One example Dr. Collins uses to describe the new racism is via the film industry. She says that even though our society has progressed and Black people are now ‘allowed’ in various so-called desegregated spaces like films, rarely are they prominent figures. This dynamic not only further marginalizes Black bodies, but it perfectly maintains the dominating forces of whiteness. I recently discussed something along these lines in a brief post regarding the maternal-infant Mammy, and my experience being at an institution that appeared to be inclusive and encompassing — de-segregated on the surface, but to me was simply a breeding ground for the production of white-centric birth and breastfeeding practices.

I’ve come across more and more white people these days who are talking about the recent revelation of their whiteness — that their entire lives they had no clue that strategic methods have been built and maintained with them in mind. Many, usually through taking courses at school, appear to have just learned that for no other reason than their skin color, they are afforded access and advantages in a society that values people who look like them. What I’ve noticed is that often times these manifestations come with a desire to put a hand in ‘fixing’ things by ‘helping out’. I will be the first to admire anyone who works at creating change in this world, and I also understand the importance of allies in anti-racist work — or in many other areas, but to me the larger picture just looks like something else.
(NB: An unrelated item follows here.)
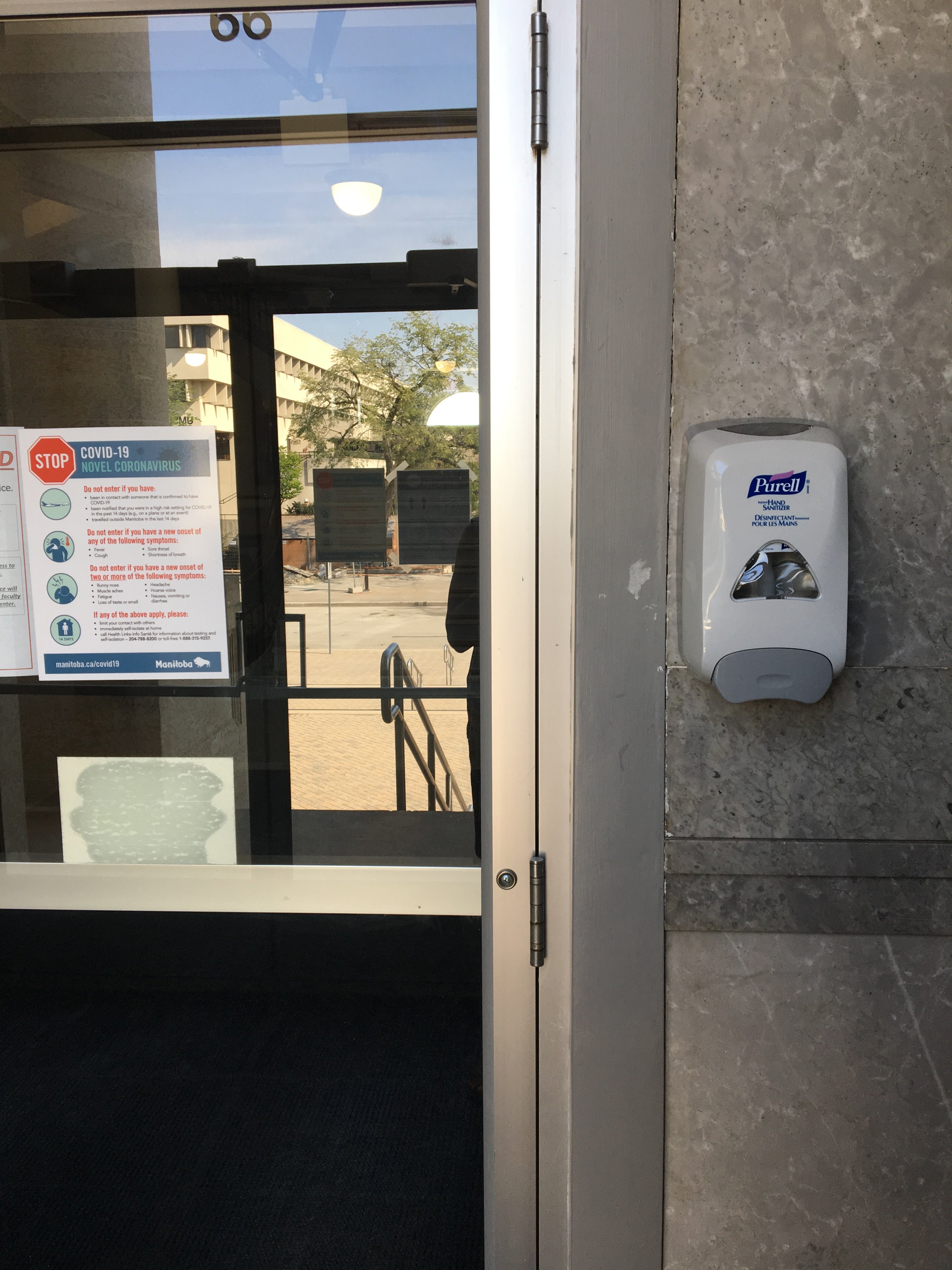 Hand sanitizer dispensers have been installed in each of the buildings, near the main entrances/exits doors, by main floor elevators, and in tunnel entrances/exits and stairwells.

The other night I was online looking for articles to share with the anti-racism breastfeeding committee I joined a few months ago. I was in search of articles on the topic not only because I wanted to see what was out there but I also wanted to know just who was writing, and exactly how they expressed their desire to end racism — and what new ideas I could find. Unfortunately, when it comes to breastfeeding and racism there isn’t much. I did, however, come across a few birth articles on the topic, and what stuck out to me the most were the ones on antiracism and anti-oppressive work in these practices. What caught my attention from the few individual and group organizations who appear to be working towards a ‘liberatory culture’ were on gathering funds to send women of color to midwifery school, or the coalition here in town staffed with white people who focus on supporting people of color and on informing other white people how they benefit from whiteness. They even go so far as to tell their members to shop at certain locations in order to help keep the doors of Black-owned businesses open. I have also begun to see these ideas in both personal and structural spaces that speak to other whites that their advantage can be used in order to give people of color a ‘hand up’. It sounds admirable, I guess. Except for I have yet to see any real substantiative critique of the underlying structure that strengthens the framework of these issues — how are these anti-racists working to end a system that values their whiteness?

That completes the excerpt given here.